Esas maniobras han sido también la música de fondo de la preparación de la visita de Barack Obama a Rusia, donde se esperan grandes cambios en las tensas relaciones entre Moscú y Washington (herencia de la era Bush). Clinton y Lavrov tienen previstas varias reuniones para revisar los acuerdos de reducción de arsenales nucleares estratégicos (la firma de un nuevo acuerdo que sustituya al Tratado de Reducción de Armas Estratégicas, START, suscrito cuando aún existía la URSS en 1991, en vigor desde 1994 y que expira en diciembre próximo), de no proliferación, de cooperación antiterrorista en Afganistán y de la posible entrada de Rusia en la Organización Mundial del Comercio.
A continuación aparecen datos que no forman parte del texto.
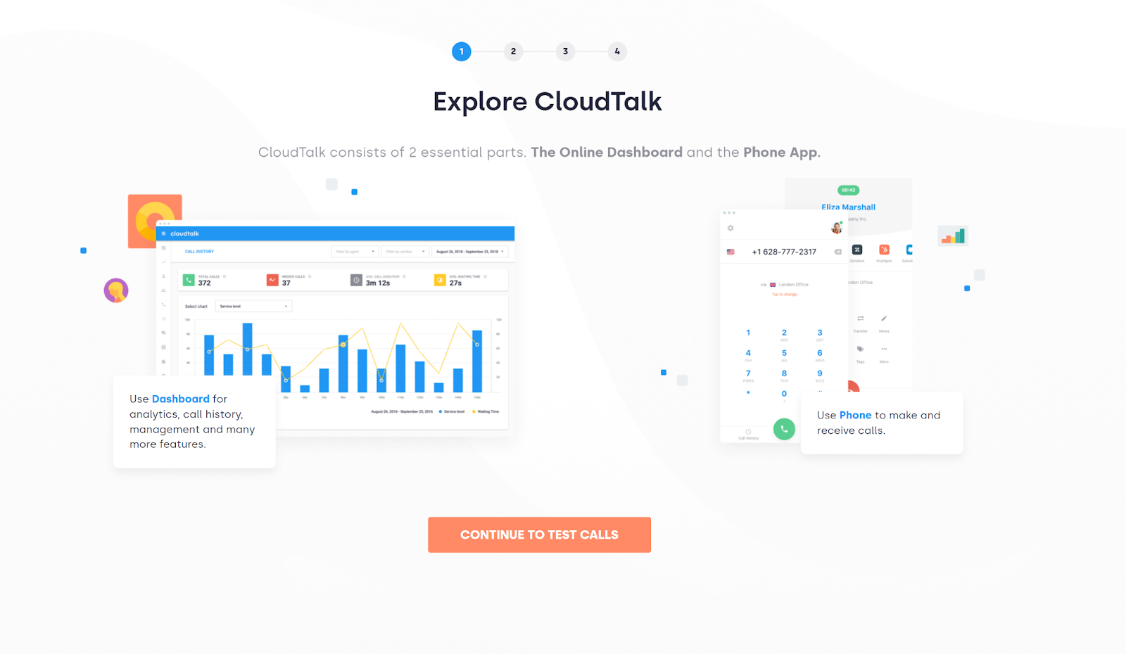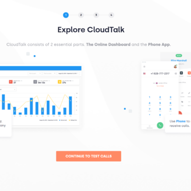 CloudTalk hoạt động rất tốt ngay từ đầu. Nó không chỉ cung cấp cho tôi số điện thoại thử nghiệm mà còn giải thích một cách cẩn thận và đơn giản các bộ phận khác nhau của phần mềm. Nó cũng cho tôi cơ hội trả lời thử cuộc gọi giúp tôi biết cách sử dụng chức năng cuộc gọi. Nói đơn giản là tuyệt vời và tôi đánh giá cao loại hình hướng dẫn này trong mọi loại phần mềm, bất kể chúng là gì. CloudTalk cũng sẽ nhắc bạn tải xuống app điện thoại CloudTalk. Sau khi thiết lập xong, bạn có thể bắt đầu xem phần giao diện.
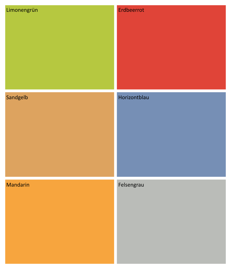 In den Farben Limonengrün, Erdbeerrot, Sandgelb, Horizontblau,Mandarine und Felsengrau, bitte bei der Bestellung mit angeben.

La OTAN sostiene que las maniobras fueron irrelevantes, pero el Kremlin se ve a sí mismo como un muñeco de vudú en el que la Alianza sigue clavando sus agujitas cuando las heridas aún siguen abiertas en el Cáucaso, una zona que ha estado sometida recientemente a un alto grado de tensión y a la que todavía no ha llegado la calma, como se ha encargado de recordar Medvedev. Moscú ha visto estos ejercicios militares como una provocación y un incentivo más para el presidente georgiano Mijail Saakashvili, que se aventuró a entrar en Osetia del Sur pensando, equivocadamente, que la OTAN vendría a rescatarle. ¿Qué mensaje ha sacado Saakashviili de estos movimientos? Como poco, le ha venido de perlas de cara a su opinión pública (que se sintió abandonada por la Alianza durante la guerra), cuando se encuentra en sus horas más bajas con nuevas manifestaciones en las calles pidiendo su dimisión.

Y a los 28 Estados miembros de la Alianza, ¿qué nos han aportado estas maniobras justo ahora? ¿No tenemos otras prioridades? Sobre todo en estos tiempos de crisis, de gripes nuevas y de búsqueda de soluciones globales de seguridad a problemas como Somalia, Afganistán (Rusia ha firmado recientemente acuerdos para facilitar el tránsito de material no letal para este país a través de su territorio) o la lucha contra el terrorismo.

Aun suponiendo que estas maniobras fueran intrascendentes, dejan al descubierto como mínimo que la hipersusceptibilidad rusa en el Cáucaso sigue sin importar a la OTAN. La miopía, tanto de un lado como de otro, se corrige interponiendo entre la retina y el objeto una lente divergente o negativa, gafas o lentillas, o esa diplomacia que conviene a ambos en estos tiempos donde la comunidad internacional tiene otras cosas más urgentes de las que ocuparse.